'If you don't want the police in your bedroom then don't inflict indignities on women in the bedroom either.'

Ministrys statement mentions marital rape law but policy doesnt Is govt playing the mediaFacebook
news Gender laws Tuesday, July 19, 2016 - 17:21

On May 17, the Ministry of Women and Child Development released the draft National Women’s Policy for public consultation. But there was however, a discrepancy on the question of marital rape.

The Ministry issued a media release while placing the draft policy in the public domain for consultation. Under the priority areas sub-head, the ministry mentioned a “review of marital rape within the framework of women’s human rights etc.” however, the draft policy itself had no mention of it. That the draft itself left plenty to be desired, is a different matter.

Whether the mention of marital rape in the media release was an error or whether its exclusion from the draft policy was a last minute decision is anyone’s guess.

Devika J of Center of Development Studies in Thiruvananthapuram says that it was more likely be an unwitting slip because the government in power seems to be in no mood to take any real steps.

“We have a Hindu right-wing government in power,” she reminds, “what do you expect?” she asks. “Patriarchal families are at the core of our communities,” she adds.

Director of Center for Social Research, Ranjana Kumari, says that the whole idea of marital rape being criminal is not acceptable to the society given the deeply ingrained patriarchal cultural practices we have.

“Take the kanyadaan for instance,” says Ranjana. “When you are giving away the girl as property, the men will treat her as property right?”

The Justice Verma Commission, constituted after the massive furore following Jyoti Singh’s gangrape in 2012, recommended criminalization of marital rape, arguing that marriage could not be a defense for rape.

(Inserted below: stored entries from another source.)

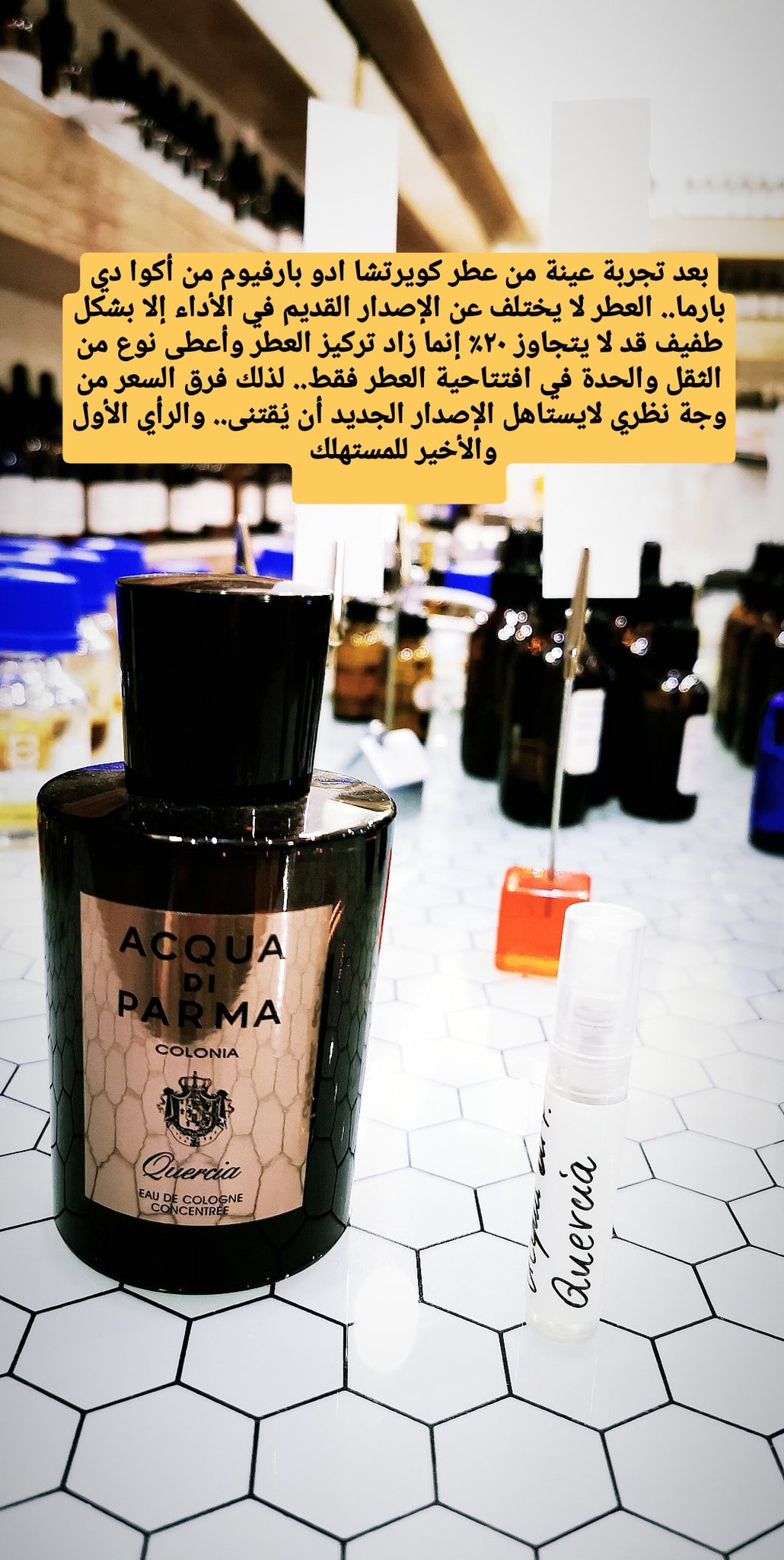 معلومات عطرية Twitterren بعد تجربة عينة من عطر كويرتشا ادو بارفيوم من أكوا دي بارما لا يختلف عن الإصدار القديم في الأداء إلا بشكل طفيف قد لا يتجاوز ٢٠ إنما زاد تركيز العطر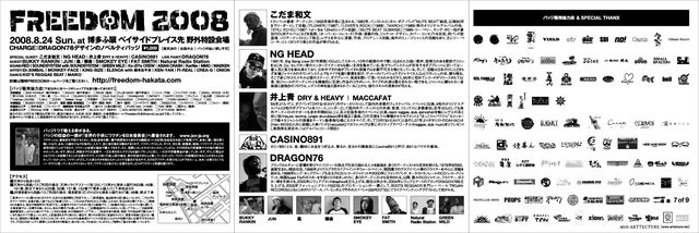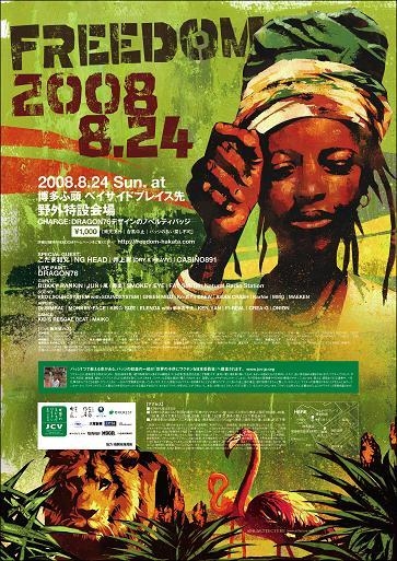 レゲエを中心とした野外イベントです。 『FREEDOM2008』 2008年8月24日(日) @博多ふ頭 ベイサイドプレイス 野外特設会場 地図 http://www.chizumaru.com/maplink.asp?SER=all&D=all&X=469437.285&Y=120966.272&SCL=795 14時〜21時半 ノベルティーバッチ1個で入場できます。 (※ノベルティーバッチ:1000円。dragon76デザイン。収益の一部を「世界の子供にワクチンを日本委員会に寄付させていただきます。) イベントの詳細・ノベルティーバッチの購入方法はコミュニティーでチェック。 「FREEDOM〜レゲエ夏祭り」
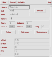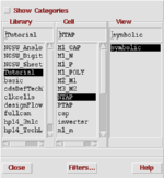 This is essentially the same library browser that you access when you start Cadence Design Tools. It lets you choose the library, cell and cell view, your selection will be transferred to the Instance options menu. For this case, the library will be "NCSU_TechLib_tsmc03d", the call name will be "ntap" and the view will be "Layout"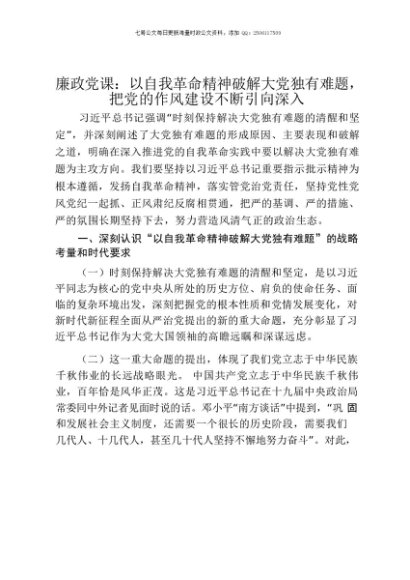 【七哥公文】2025年:廉政党课讲稿:以自我革命精神破解大党独有难题,把党的作风建设不断引向深入+更多免费公文+VX:QiGeGongWen2024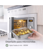 Contenidor amb base d'acer inoxidable d'alta qualitat apte per a forn, microones i fregidora d'aire.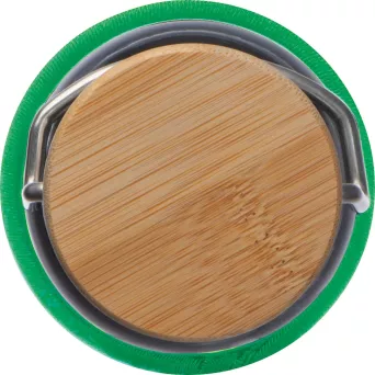 Szklana butelka o pojemności 600 ml, z pokrywką ze stali nierdzewnej i bambusowym zamknięciem. Butelkę przed uszkodzeniami chroni neopropanowe etui.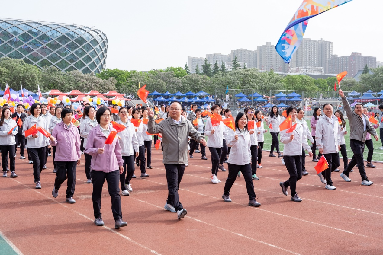 4月24日,我校2024年春季田径运动会长安校区体育场隆重开幕。学院教工精神抖擞,意气风发,为运动会做了充足的训练准备。早上八点,80余位教职工在学院门口集体合影之后意气风发地参加了运动会的入场式。大家迈着矫健的步伐,挥着国旗和院旗,喊着“化学化工,搏击长空,乘风破浪,勇攀高峰”的嘹亮口号走过主席台,充分展现了我院教职工团结奋进、积极向上的精神风貌。
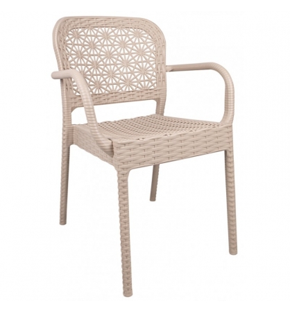 Sillón apilable, imitación a rattán, polipropileno beige. Uso en exterior e interior. Otros colores disponibles.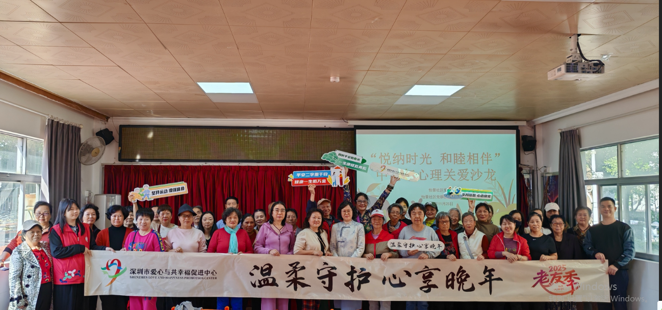 罗湖家园网讯:为提升社区中老年群体心理健康水平,树立积极健康的心理状态,在怡景社区党委的指导下,怡景社区党群服务中心社工联合深圳晚报社、深圳市爱心与共幸福促进中心开展“悦纳时光,和睦相伴”——中老年心理关爱沙龙,活动共吸引50多名社区中老年群体参加。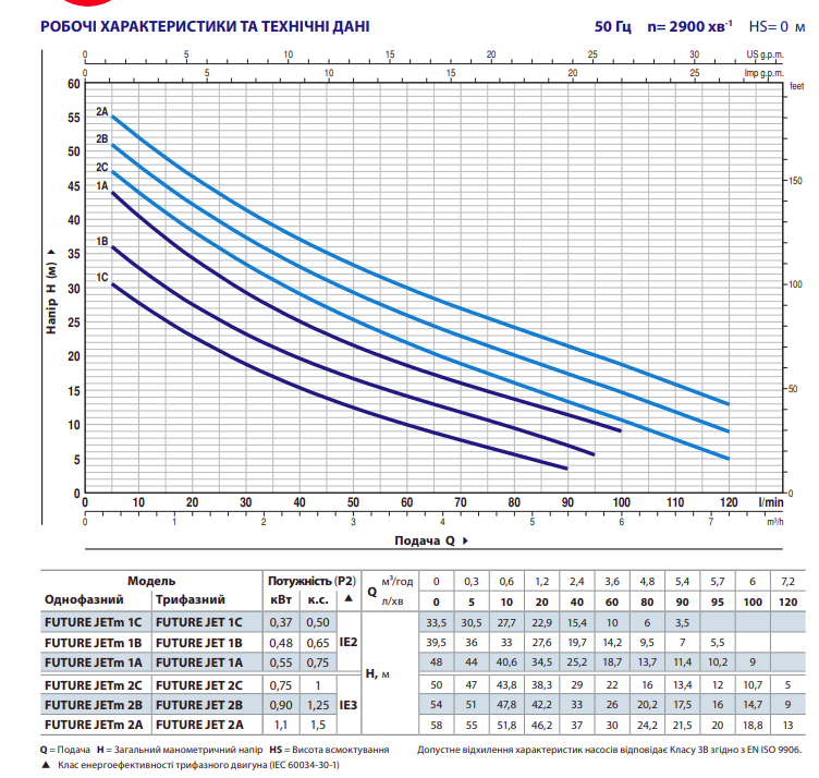 Характеристики Самомовсасывающий насос Pedrollo FUTURE JET 1C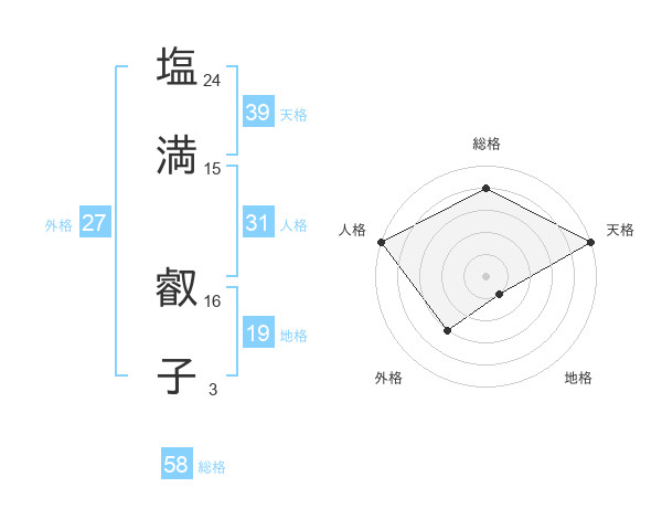塩満 叡子さんの天格は39画の5点!
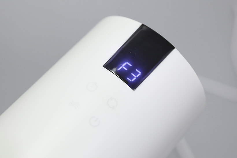 좌우 회전 버튼을 누르면 디스플레이에는 별다른 표시 없이 회전 기능이 작동된다. 타이머의 경우 버튼을 누를 때마다 1시간 단위로 설정되며, 최대 12시간까지 설정할 수 있다.
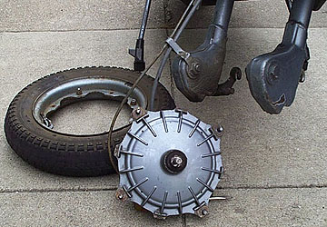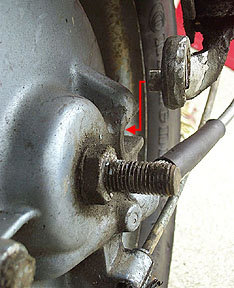 Once the wheel is pumped up (to about 18 PSI for the front) it can be refitted to the hub with the four nuts and lock washers. When the hub is refitted it is imperative that the stationary hub side is fitted correctly. On the right hand side fork link there is a large pin that must fit into a slot in the hub. This side of the hub must stay stationary in order for the brakes to function. See the photo below that shows the pin and the slot in the right hand side of the wheel hub.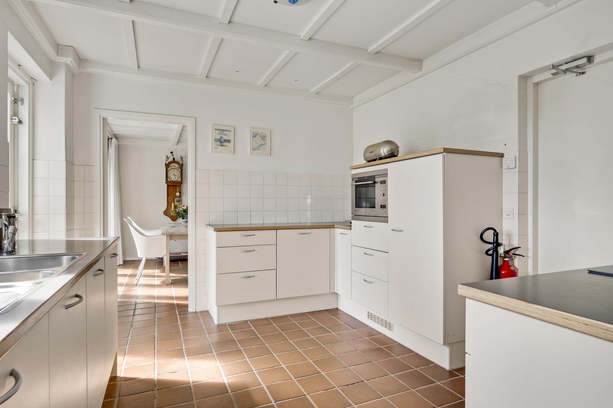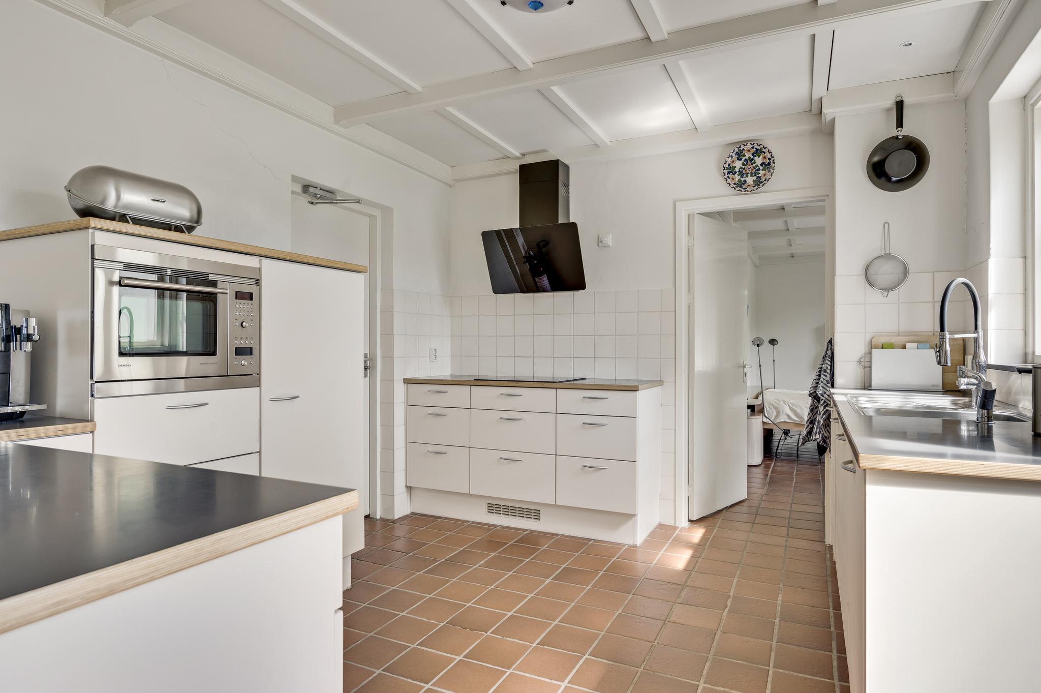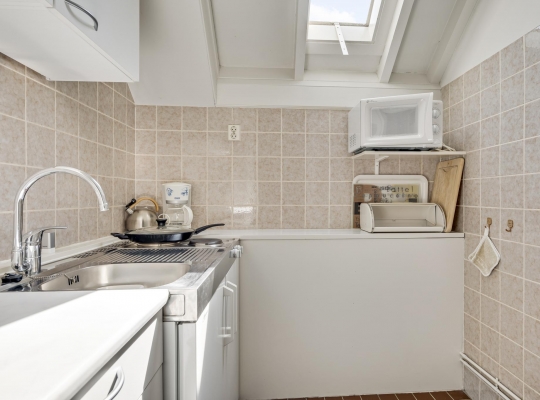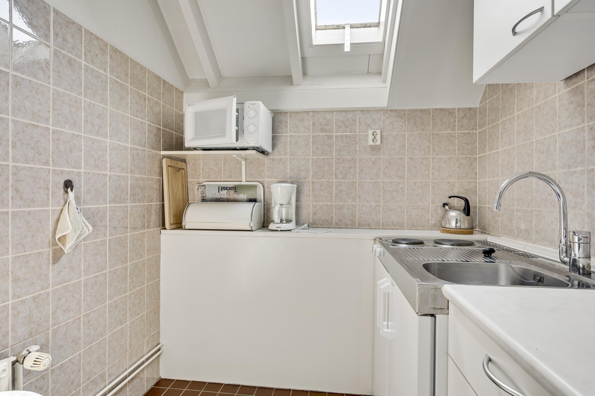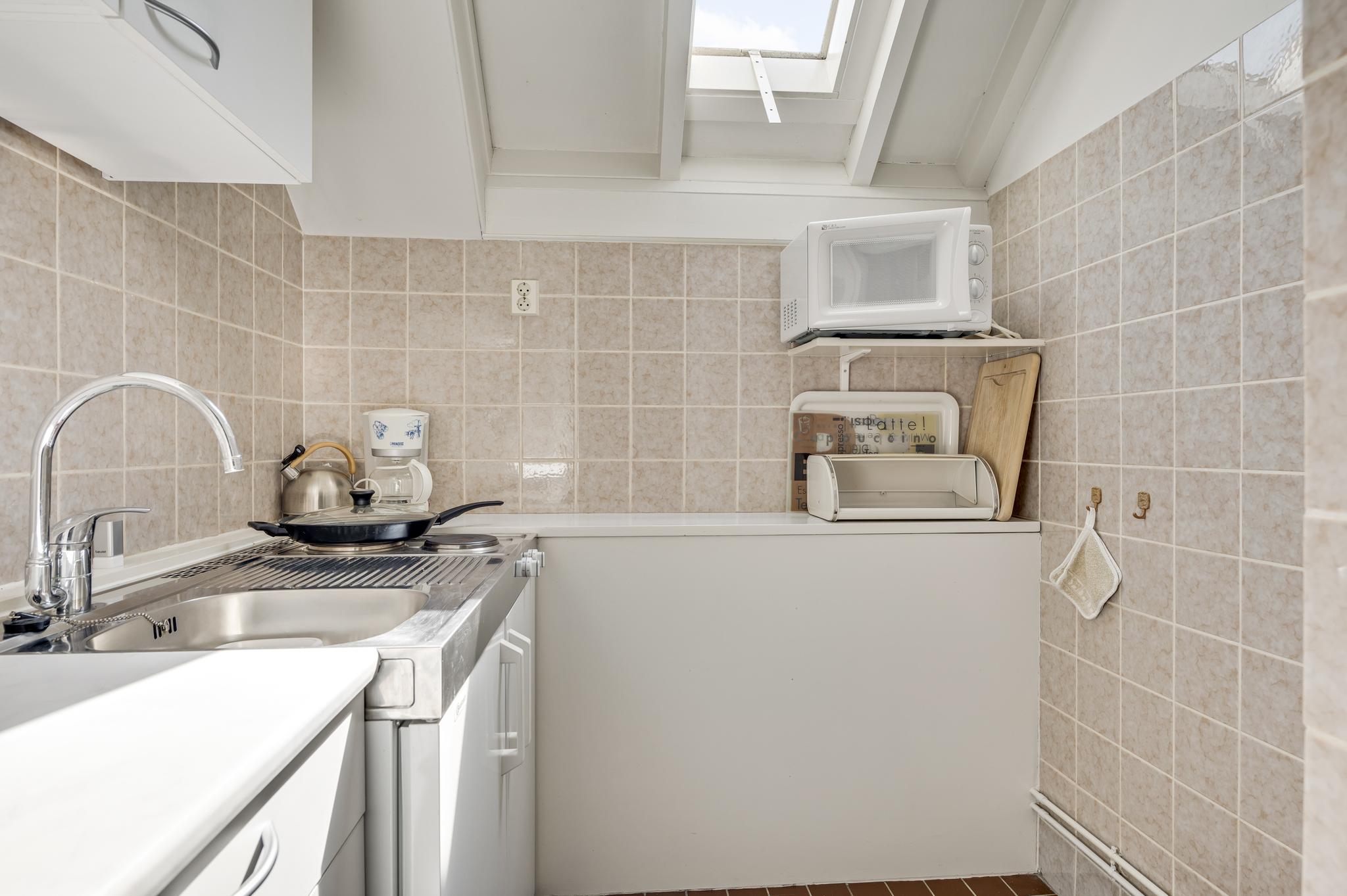 Naast de woonkamer is de keuken (circa 3,82 x 3,20), waar de ruimte optimaal is ingedeeld. Er is een kookgedeelte, een apart spoelgedeelte bij het raam en aan de andere zijde staat een hoekopstelling die deels als koffiecorner in gebruik is. De inductie kookplaat, afzuigkap, vaatwasser, combi-oven, vaatwasser en koelkast zijn ingebouwd.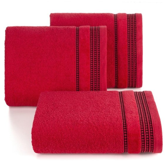 Ręcznik z ozdobną, welurową bordiurą w pasy szerokość: 70 cm, długość: 140 cm, kolor: czerwony, Gramatura: 500 GSM, Skład: 100% bawełna; część ozdobna: 100% poliester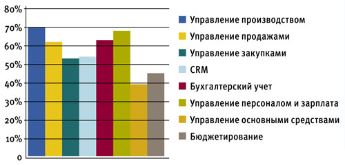 В «1С» обнародовали статистику внедрения своего флагманского решения «1С: ERP управление предприятием 2.0» в крупных компаниях. Почти половина заказчиков входит в холдинги, причем 75% работают в сфере промышленности. Как подчеркивают в «1С», в 85% проектов функционал «1С: ERP 2.0» внедряется либо вовсе без доработок, либо с незначительными доработками. Под небольшими доработками подразумевается изменение не более 10% программного кода, а под существенными — до 30%. В «1С» обнародовали статистику внедрения своего флагманского решения «1С: ERP управление предприятием 2.0» в крупных компаниях. Почти половина заказчиков входит в холдинги, причем 75% работают в сфере промышленности. Как подчеркивают в «1С», в 85% проектов функционал «1С: ERP 2.0» внедряется либо вовсе без доработок, либо с незначительными доработками.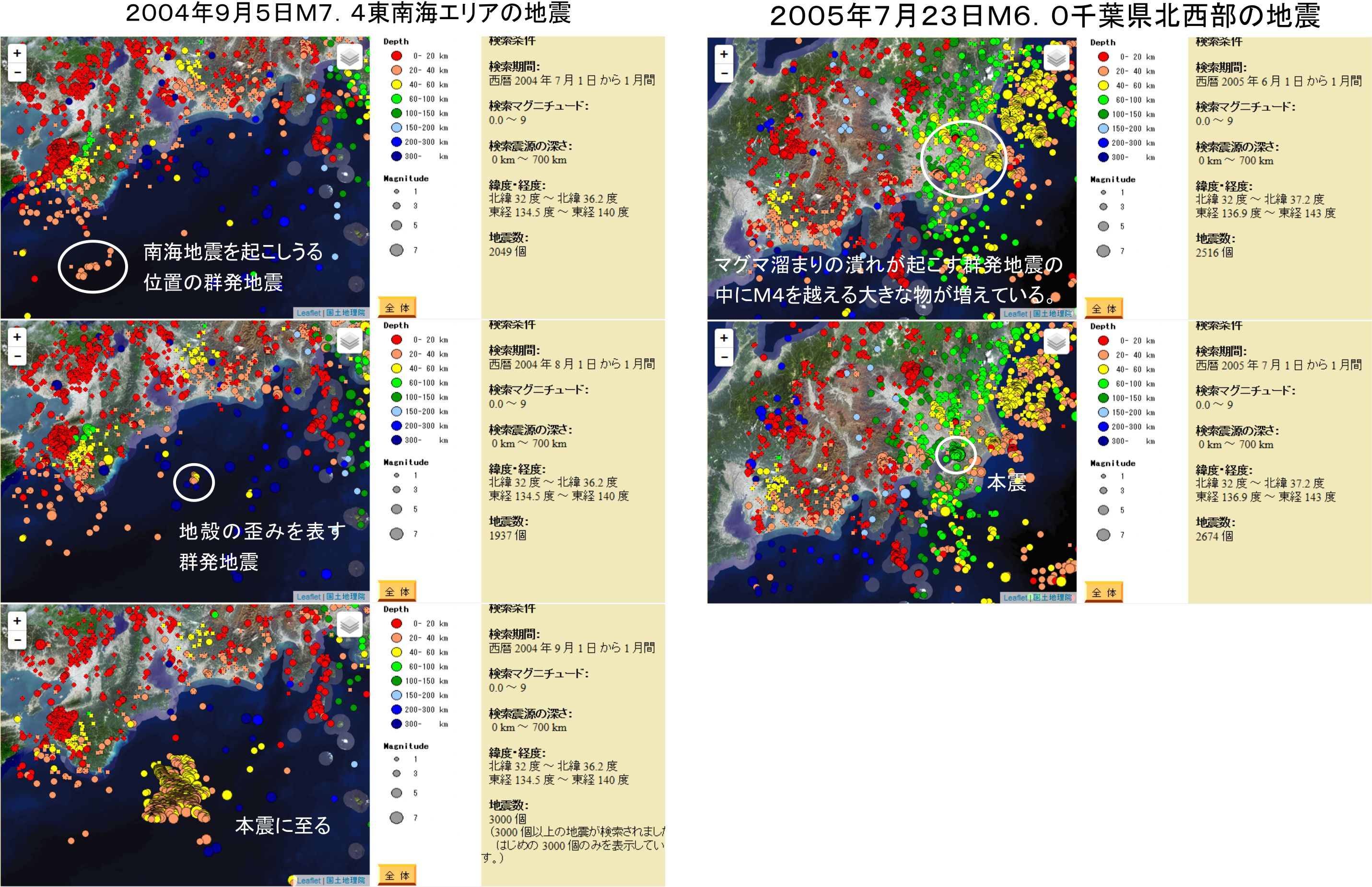 2000年からの地震を調べてみると、2004年9月5日にM7.4の地震が東南海エリアで起きています。この地震が神津島から新島のマグマ溜まりの潰れで起きたと考えると状況を説明します。反対側では関東にM5の地震を多発していました。

Later, the Pam Rajput committee reiterated the same position. However, the suggestion was dropped from legislation each time.

Ranjana also explains that a concrete legislation on marital rape would be difficult to enact because even men in the government stand to benefit from this exemption. “They want to protect their male privilege and entitlement,” she explains.

An argument often given against criminalizing marital rape is that marriage is a sacrosanct Indian institution and people wouldn’t want police in their bedroom. However, Ranjana says that this is problematic. “If you don’t want the police in your bedroom then don’t inflict indignities on women in the bedroom too,” she says.